Mary Stevenson Cassatt, In the Loge, 1878

A Little History of Art by Charlotte Mullins (Yale)

Grappling with the behemoth term that is ‘art history,’ critic and broadcaster Charlotte Mullins gives an alternative view on several thousand years of artistic production. She shines a light on key players who have been ousted from the mainstream narrative, such as the indefatigable sculptor Edmonia Lewis, who battled every conceivable prejudice in US society as the 20th century dawned; and Rachel Ruysch, a doyenne of the Dutch Golden Age, who was similarly celebrated during her lifetime, yet remains largely forgotten.

The book also draws connections across cultures that usually appear arbitrarily divided, linking for example Chinese emperor Qin Shi Huangdi’s terracotta army with the terracotta sculptures made by the Nok in west Africa at the same time. It’s a refreshing take on a subject that can often seem overwhelmingly dense and homogenous. (Holly Black)

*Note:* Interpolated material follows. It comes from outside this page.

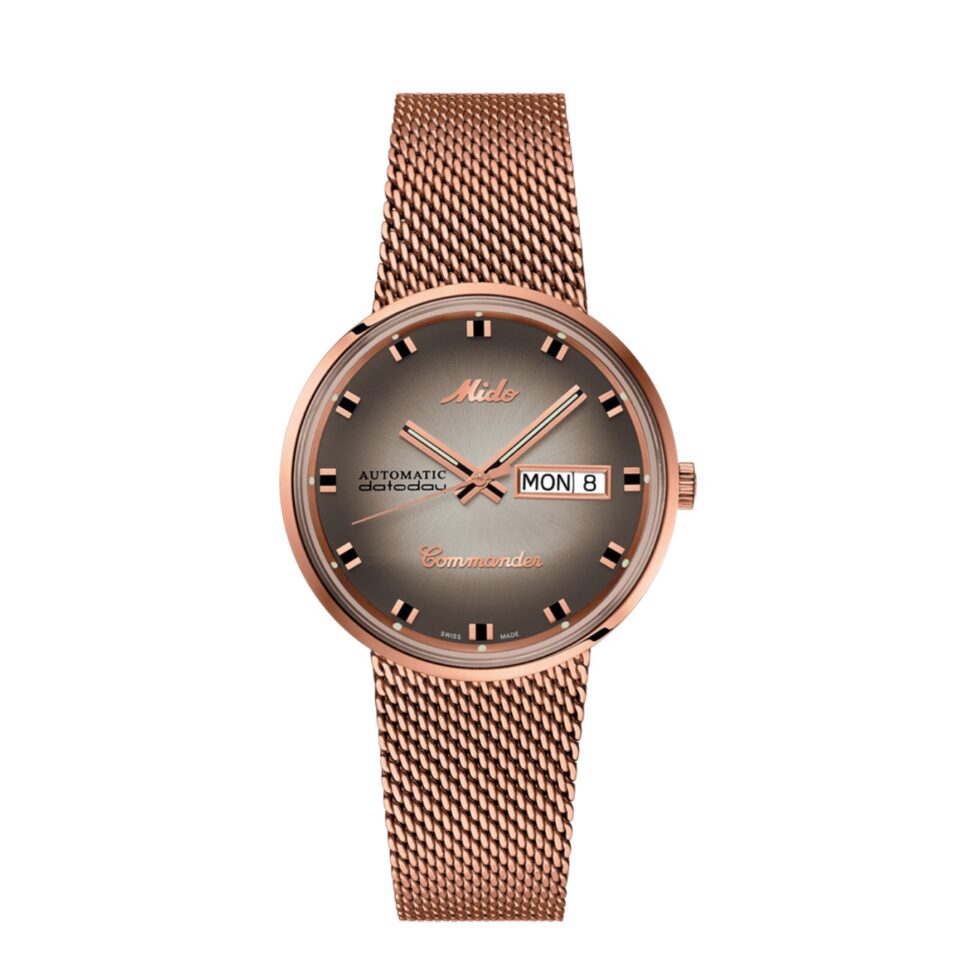 ช่วงเวลาพิเศษส่งท้ายปีนี้ Mido เติมความพิเศษให้นาฬิการุ่น Commander Shade โดยดีไซน์ออกมาในสี Rose Gold เป็นครั้งแรก หลังจากที่ก่อนหน้านี้ใช้คู่สีดำและเงินมาตลอด ตัวหน้าปัดเป็นสีเงินที่ช่วยขับให้เข็มนาฬิกาสี Rose Gold ดูโดดเด่นขึ้นมา เช่นเดียวกับขอบหน้าปัดที่เป็นวงกลมสี Rose Gold สองวงขนานกันไป ช่วยเพิ่มมิติให้นาฬิกาเรียบหรูเรือนนี้ดูไม่จำเจ และไม่เพียงความสวยงามเท่านั้นที่ทำให้ Commander Shade เหมาะแก่การเป็นของขวัญในเทศกาลแห่งความสุขนี้ แต่การใช้งานก็ยังสมบูรณ์แบบด้วยตัวสายสี Rose Gold ที่แม้จะเป็นโลหะ แต่ Mido เนรมิตให้สัมผัสของเส้นโลหะที่สานกันอย่างประณีตนี้ นุ่มนวลอยู่บนข้อมือราวกับซาติน เป็นความหรูหราที่ใส่สบาย สมกับที่ Commander เป็นนาฬิการะดับตำนานที่ไม่เคยตกยุค

Women Painting Women (DelMonico Books)

Women Painting Women is a substantial group show opening in May at the Modern Art Museum of Fort Worth. The exhibition brings together a host of artists whose work explores the “complexities, abjection, beauty and joy” of being a woman. Almost 50 painters find new ways of portraying their subjects. An accompanying book is published this month by DelMonico, with texts from artists Emma Amos and Faith Ringgold.

The portraits in the book span the second half of the 20th century to the present day, created by pioneers such as Alice Neel and contemporary practitioners Jordan Casteel, Somaya Critchlow and Apolonia Sokol. There is a strong focus on the body and physical gestures, and the works find ways of depicting women that expand upon and differ from the long history of female bodies painted by men. Together, the works portray the vast complexities present in the experiences of women: manifold stories told through the eyes of artists through the decades. (Emily Steer)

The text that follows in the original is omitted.